*Supplied records*:

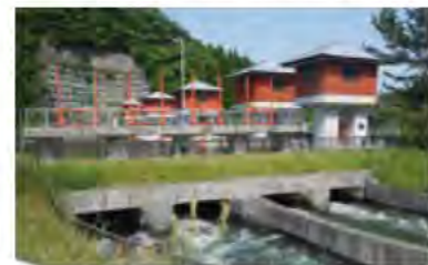
▲現在の伊豆野堰(手前が取水口)

水路の測量には、北上川改修工事で手腕を発揮した、川村孫兵衛元吉があたりました。取水地から伊豆野原までの高低差がわずか13メートルしかない中、孫兵衛は夜の間にちょうちんの灯りを頼りとして、土地の高低差を見極めたと伝えられています。およそ3年の歳月をかけて完成した伊豆野堰は、当初、水が流れなかったものの、水路の途中に滝を設けるなどの改良を行い、無事に下流までの通水に
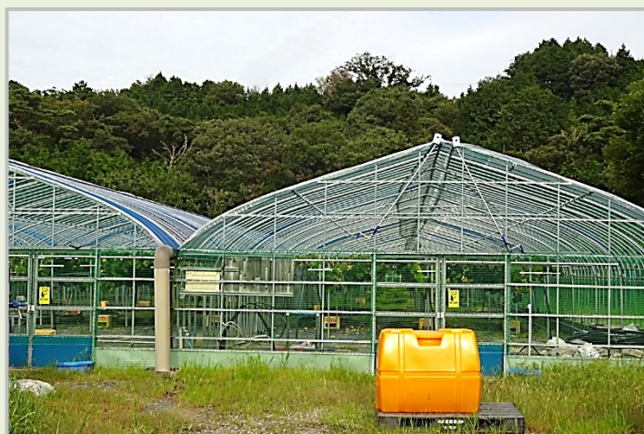
ファームかがやき
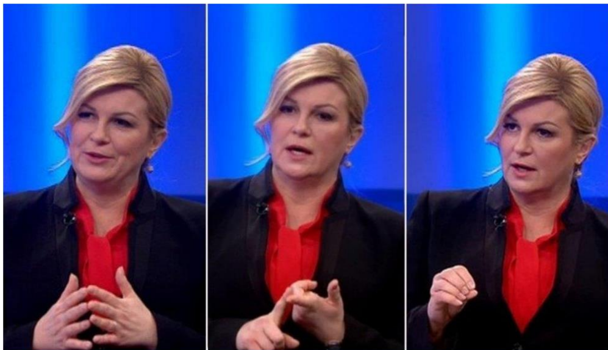
Slika 16. Nabiranje kao dio neverbalnog govora. 57

Ovdje je dr. sc. Diana Tomić u pravu te se na licu ( Slika 16. ) Kolinde Grabar-Kitarović vidi veoma neprirodna i uvježbana gesta nabiranja koju nije uskladila sa verbalnom komunikacijom, čak se vidi i uznemirenost, te korištenje općenitih teza kako bi izbjegla konkretne odgovore na pitanja.

*What is expected*: Any pictures are to be skipped, and the lines from the beginning of the entries through the line with "Slika 16. Nabiranje" copied exactly.

*Output of the task*:
▲現在の伊豆野堰(手前が取水口)

水路の測量には、北上川改修工事で手腕を発揮した、川村孫兵衛元吉があたりました。取水地から伊豆野原までの高低差がわずか13メートルしかない中、孫兵衛は夜の間にちょうちんの灯りを頼りとして、土地の高低差を見極めたと伝えられています。およそ3年の歳月をかけて完成した伊豆野堰は、当初、水が流れなかったものの、水路の途中に滝を設けるなどの改良を行い、無事に下流までの通水に
ファームかがやき
Slika 16. Nabiranje kao dio neverbalnog govora. 57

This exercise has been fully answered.